Full-spectrum utilization of solar energy for simultaneous CO2 reduction and seawater desalination

Abstract

Photocatalytic CO₂ reduction, as a highly integrated solar fuel generation technology, cannot efficiently utilize infrared light, resulting in a severe waste of solar energy. Given the fact that bifunctional polyaniline can conduct photocatalysis and promote water evaporation at the same time, integrating the advantages of a gas diffusion layer in mass transfer, we proposed a novel layout of the reacting system. In this constructed three-phase interface, polyaniline exhibited high activity for CO₂ reduction, rather than hydrogen evolution.
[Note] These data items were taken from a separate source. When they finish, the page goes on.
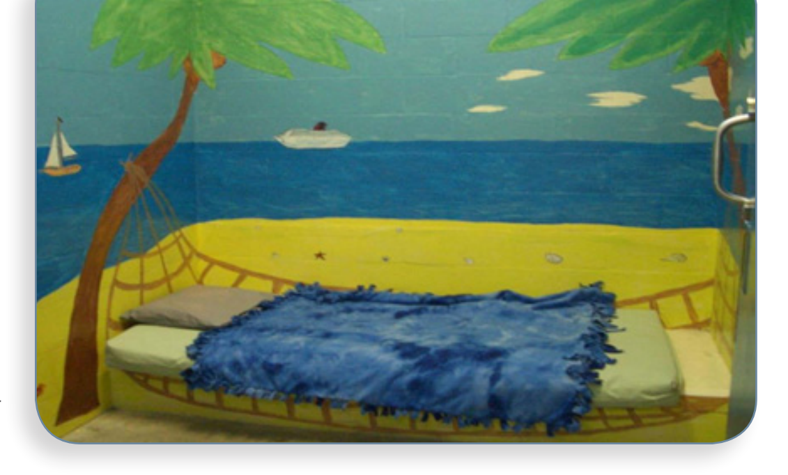
Marion Regional Juvenile Detention Center

Justice systems are also beginning to recognize that most people they serve have experienced severe trauma. In response, some adult and juvenile correctional facilities are implementing trauma interventions such as TAMAR and TARGET<sup>6</sup>. Others are modifying practices and environments to be more trauma-informed. For example, with NCTIC's assistance, the North Carolina Department of Juvenile Justice has re-written job descriptions, eliminated the requirement for security-type uniforms, and provided "comfort bags" of sensory items to all youth. They have also eliminated the use of seclusion by coaching staff to pay more — rather than less — attention to youth whose behavior is starting to deteriorate.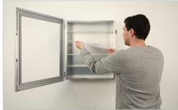
ADJUST YOUR SHELVES AS NEEDED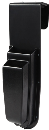
24-15D Double Pocket Tool Holder

Expanded opening accommodates the most common wrenches and drills. Features two spare drill bit holders and adjustable clamp bracket.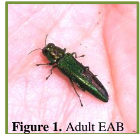
Figure 1. Adult EAB

BACKGROUND. The emerald ash borer, Agrilus planipennis , is a non-native invasive insect that was first found in the U.S. near Detroit, MI in 2002. Through both natural dispersal and human-assisted movement in infested materials such as firewood, this beetle has now spread to many additional states. It was first found in North Carolina in 2013. The emerald ash borer has already killed tens of millions of ash trees in the U.S. and has the potential to eliminate the species from the landscape.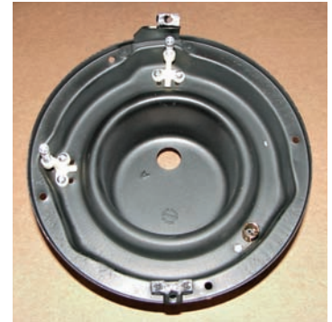
Photo #10: The refurbished bucket is now ready to go back in the car. It's always fun to take a damaged original part and with a little time and money bring it back to something that will last another 50 years!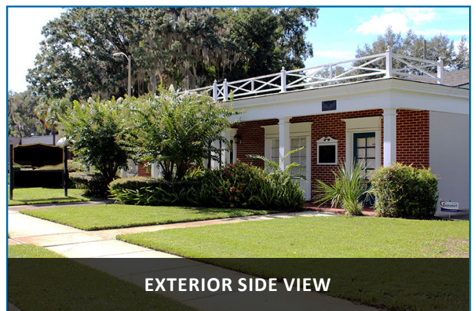
EXTERIOR SIDE VIEW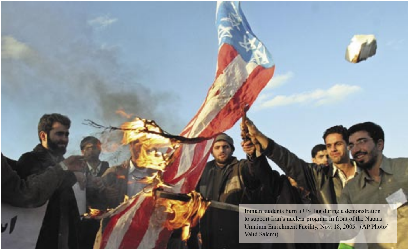
Iranian students burn a US flag during a demonstration to support Iran's nuclear program in front of the Natanz Uranium Enrichment Facility, Nov. 18, 2005.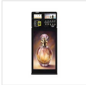
5 Nozzle Vending Machine With Large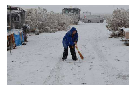
Let's see if I can just sweep this all away.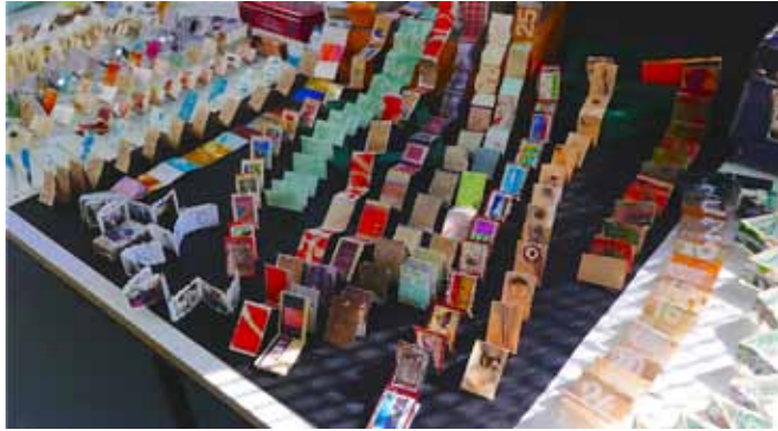
All out and about

Thus, it is with some small parcel of pride, I seek to deliver for your viewing pleasure at one of the Group's meeting, PAQ's tiny 25 th Anniversary show. [ There is a 'Big Brother' Artist Book Show, The In- Between in the near future.]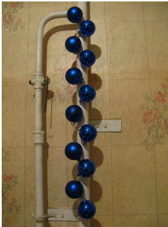
The Christmas tree ball ornaments beautify, for instance, unsightly pipes in the bathroom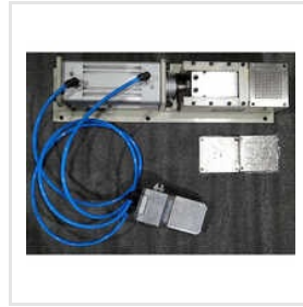
Pneumatic Wire Trimming Machine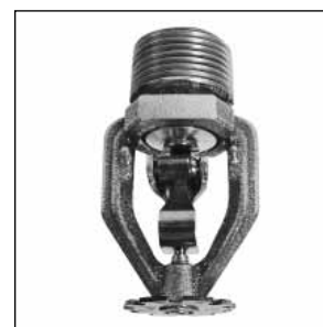
Model G XLO Pendent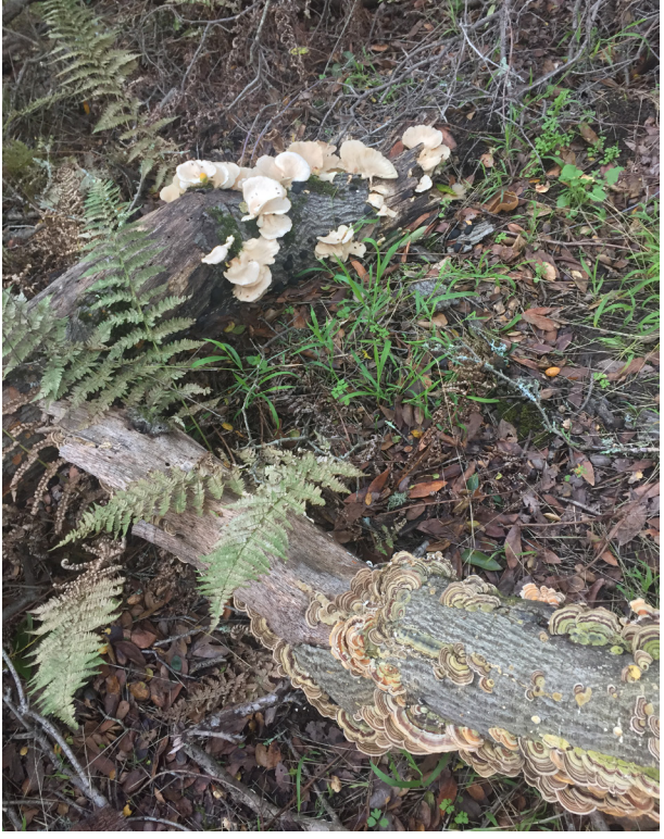
Pleurotus ostreatus/Oyster and Trametes versicolor/ Turkey Tail Omphalotus olivascens/ Western Jack O'Lantern

Through quasi-in situ Raman spectroscopy, we found that the introduced copper–cobalt composite oxides would be reduced to cuprous oxide/tricobalt tetroxide once photocatalysis starts. The highest achieved selectivity of ethanol-based C₂₊ products was >90%. The presence of a greater number of asymmetric adsorption sites between copper and cobalt facilitated C–C coupling, further proved by the density functional theory analysis. For water evaporation, the achieved energy conversion efficiency of solar to vapor was 71.0%. The evaporation was activated via the unabsorbed light by the photocatalyst and the unused light that had been absorbed. The vapor flux was driven across the hydrophobic gas diffusion layer into the flow in the backplate by the temperature gradient between each side of the gas diffusion layer. Subsequently, desalted water was obtained by condensation.